US halting funding to WHO unethical: China's top epidemiologist

Source:Global Times Published: 2020/4/15 11:28:56

Photo taken on Jan. 30, 2020 shows the headquarters of the World Health Organization (WHO) in Geneva, Switzerland.(Xinhua/Chen Junxia)

By halting funding to the World Health Organization, the US is only trying to divert attention from its failure to handle its domestic epidemic, China's top epidemiologist said on Wednesday, noting that the US decision is "unethical."

In a speech at the White House, US President Donald Trump accused the WHO of "severely mismanaging and covering up the spread of the coronavirus." Trump criticized the international health agency for making a "disastrous" decision to oppose travel restrictions from China. 

"This is a very bad sign, but can the US defeat its domestic epidemic by halting funding to the WHO?" asked Zeng Guang, chief epidemiologist at the Chinese Center for Disease Control and Prevention.

Zeng told the Global Times that the world is making efforts to fight the COVID-19 pandemic and now is the right time for the WHO to play its role, but the US is only trying to divert attention by halting funding to the organization. "The US has not responded to the epidemic properly and its accusations against the WHO go against the facts. This is unethical and will only make it more isolated in the world." 

"It is no longer a world of unilateralism, but multilateralism," Zeng said, noting that the US withdrawal of funds may not have a domino effect, as other countries may not follow the US lead. 

According to the introduction of the WHO, its program funds come mainly from two sources - assessed contributions made by member states relative to their wealth and population, and also voluntary contributions.

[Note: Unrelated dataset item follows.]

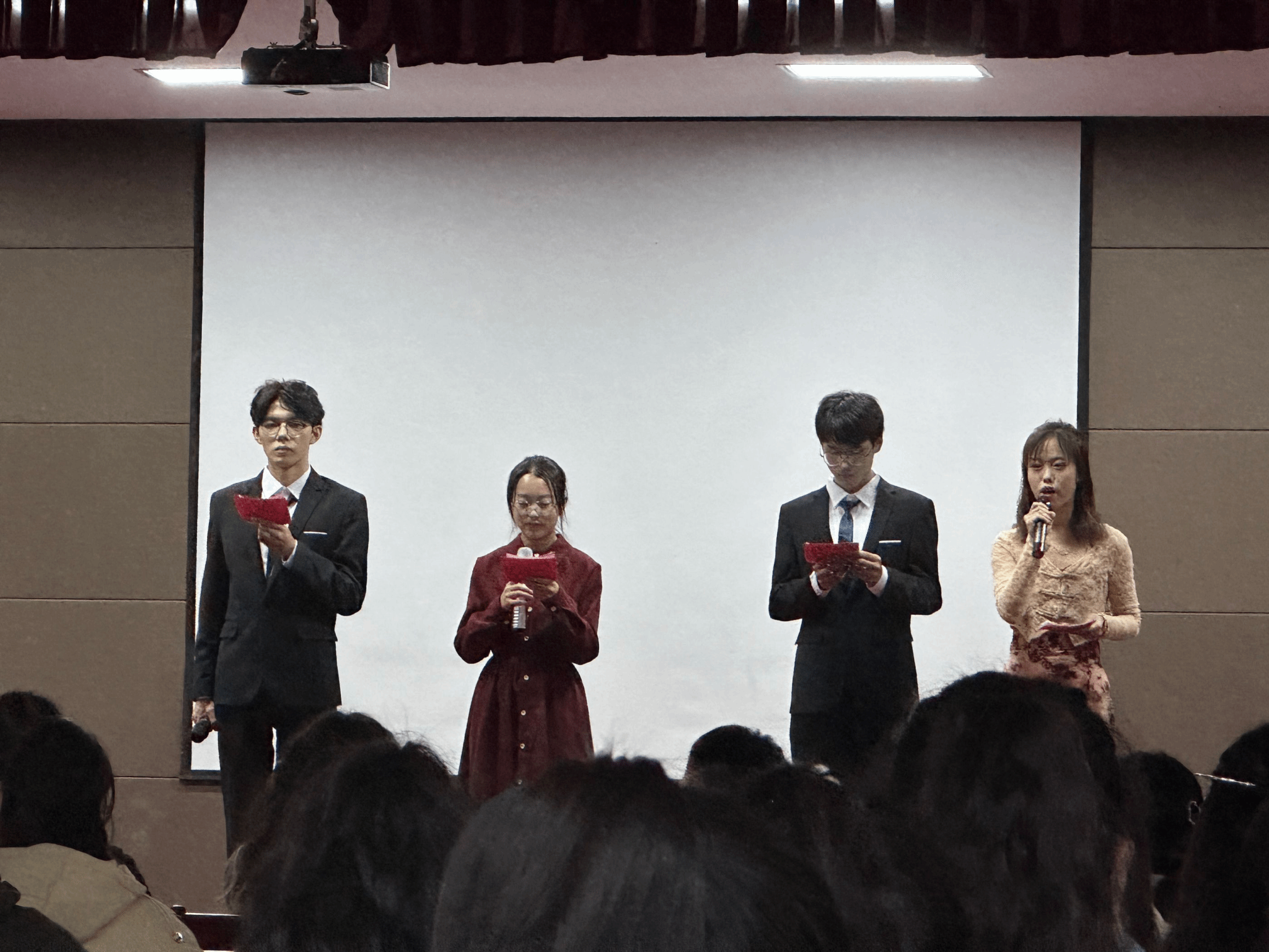 用旋律吐露心声,用节奏宣誓未来,诗朗诵《相信未来》用铿锵有力的誓言鼓舞同学们坚定理想信念,砥砺前行;“灯火漫卷的万里河山,初心换回了百年承诺”,一曲《灯火里的中国》描绘出中国梦的伟大宏图;反诈小品《傻子,骗子,局子》以幽默风趣的语言、夸张诙谐的动作将诈骗分子的惯用手段、作案方式和防范技巧等反诈知识融入表演当中.互动环节中,老员工科技化学协会带来大象牙膏、掌中火焰、茶水变墨水等趣味科普小实验,给同学们带来一次又一次的视觉冲击,将现场的气氛推向高潮……同学们尽情展现才艺,秀出风采,为观众呈现了一场精彩的艺术团课。

The US is the biggest financial contributor to the WHO for 2020-2021, accounting for 22 percent of the total assessed contributions from the organization's member states, according to WHO data. 

Zeng said the US suspension of funds to the WHO won't impact the international health organization in its sharing of information with the world, but may result in a shortage of funds for staff salaries and some projects. As the US is yet to declare that it will withdraw from the WHO, US officials will continue to attend WHO meetings, which is quite disgraceful, Zeng said. 

Commenting on whether China is considering increasing its funding for the WHO, Zeng said it is within China's capability to support the organization financially, but the WHO should not be backed only by one nation. Worldwide nations should jointly increase support for the WHO, otherwise the US may use this as an excuse to attack other countries. 

The data issued by the WHO said China accounted for 12 percent of total assessed contributions for the 2020-2021 period. 

Assessed contributions have declined as an overall percentage of the program budget and have accounted for less than one quarter of the organization's financing for years. The balance is made up through voluntary contributions, the WHO said. 

But assessed contributions by member states remain a key source of financing for the WHO, as it provides a level of predictability and helps to minimize dependence on a narrow donor base, allowing resources to be aligned to the program budget.